Послѣ крушенія «самой солнечной, самой праздничной, самой безкровной» революціи (так восторженно отзывался прибывшій в Россію французскій соціалист министр Тома), послѣ того, как в густом туманѣ, застлавшем политическіе горизонты, зашло «солнце мартовской революціи» — многіе из участников ея не любят вспоминать о том «опьянѣніи». которое охватило их в первые дни «свободы», когда произошло «историческое чудо» , именовавшееся февральским переворотом. «Оно очистило и просвѣтило нас самих» — писал Струве в №1 своего еженедельника «Русская Свобода». Это не помѣшало Струве в позднѣйших размышленіях о революціи сказать, что «русская революція подстроена и задумана Германіей». «Восьмым чудом свѣта» назвала революцію в первой статьѣ и «Рѣчь». Епископ уфимскій Андрей (Ухтомскій) говорил, что в эти дни «совершился суд Божій». Обновленная душа с «необузданной радостью» спѣшила инстинктивно во внѣ проявить свои чувства, и уже 28-го, когда судьба революціи совсѣм еще не была рѣшена, улицы Петербурга переполнились тревожно ликующей толпой, не отдававшей себѣ отчета о завтрашнем днѣ [40]. В эти дни «многіе целовались» — скажет лѣвый Шкловскій. Незнакомые люди поздравляли друг друга на улицах, христосовались будто на Пасху» — вспоминает в «Былом» Кельсон. Таково впечатлѣніе и инженера Ломоносова: «в воздухѣ что-то праздничное, как на Пасху». «Хорошее, радостное и дружное» настроеніе, отмѣчает не очень лѣво настроенный депутат кн. Мансырев.
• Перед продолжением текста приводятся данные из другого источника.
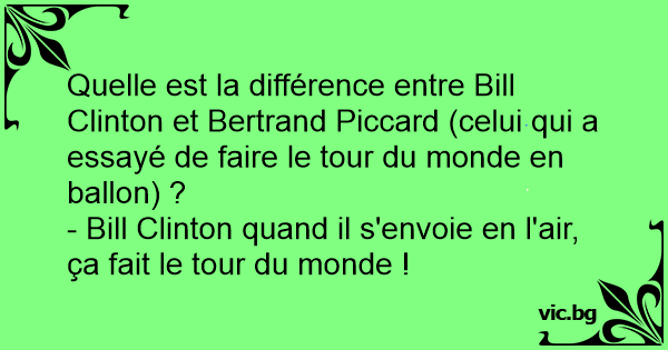 Quelle est la différence entre Bill Clinton et Bertrand Piccard (celui qui a essayé de faire le tour du monde en ballon) ?
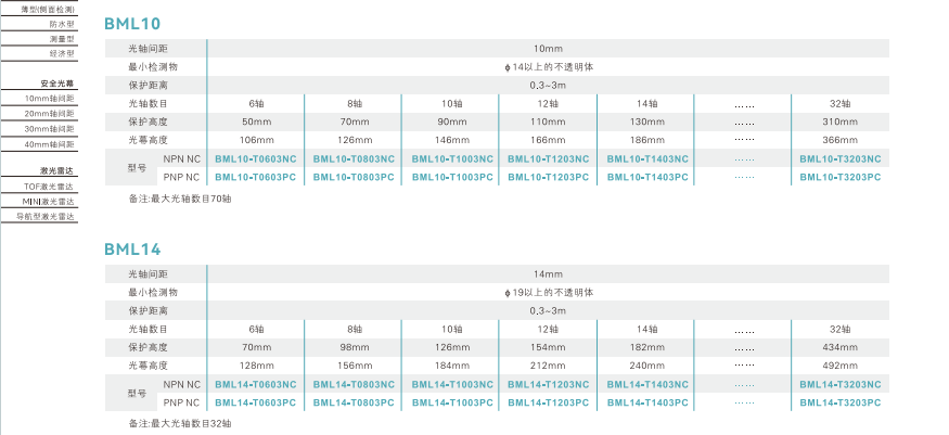 ゾーン安全バリアセンサー-タイプ選択ガイド
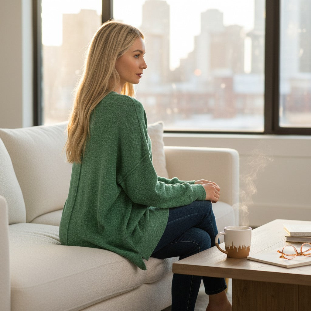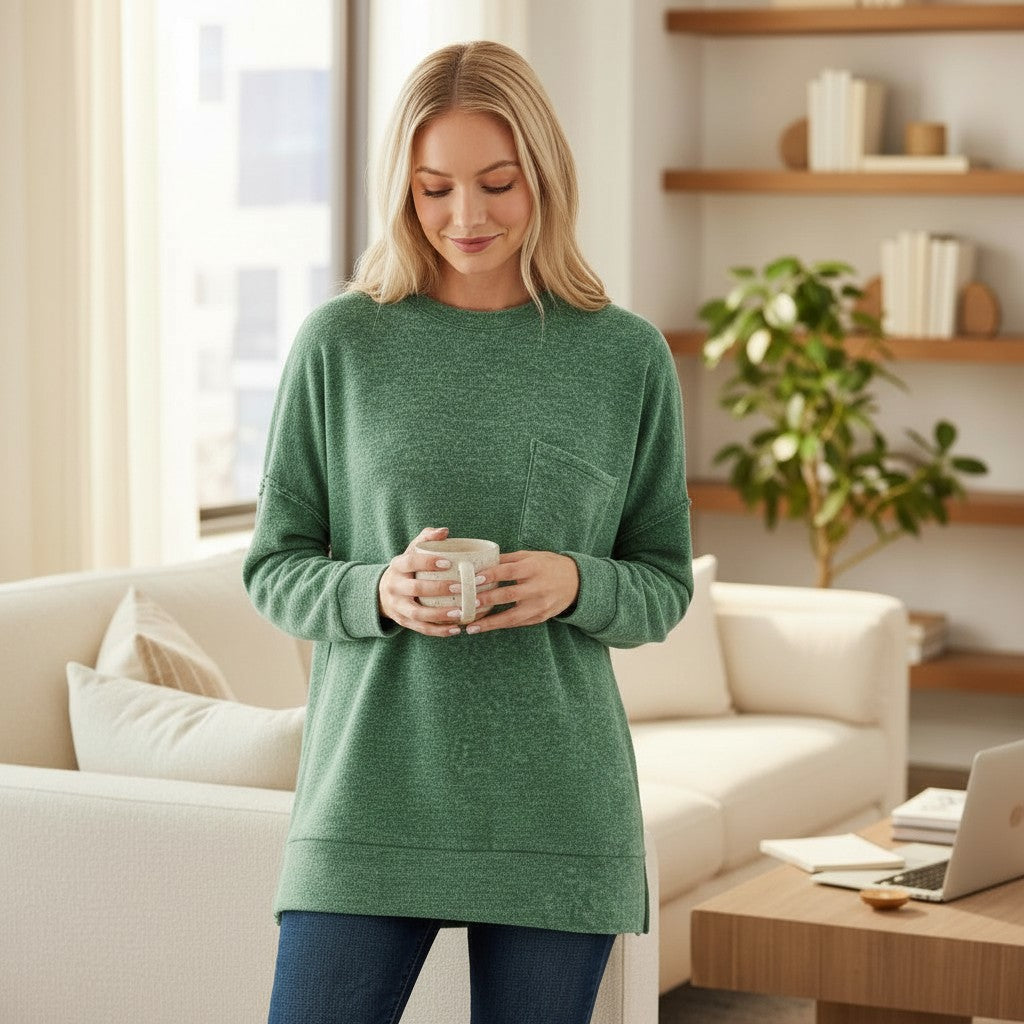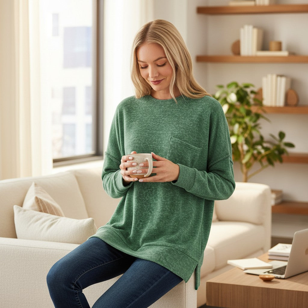 The Relax & Restore Sweater is your new ultimate cozy essential — soft, oversized, and effortlessly flattering. This brushed melange knit feels luxuriously smooth, while the drop-shoulder fit and hi-low hem create that relaxed, easygoing silhouette that customers LOVE.

У всѣх было «праздничное настроеніе», по характеристикѣ будущаго члена Церковнаго Собора Руднева, человѣка умѣренно правых взглядов. Также «безоглядно и искренно» всѣ радовались кругом бывш. прокурора Судебной палаты Завадскаго. «Я никогда не видѣл сразу в таком количествѣ столько счастливых людей. Всѣ были именинниками» — пишет толстовец Булгаков [41]. Всегда нѣсколько скептически настроенная Гиппіус в «незабвенное утро» 1 марта, когда к Думѣ текла «лавина войск » —»стройно, с флагами, со знаменами, с музыкой», видѣла в толпѣ все «милыя, радостныя, вѣрящія лица».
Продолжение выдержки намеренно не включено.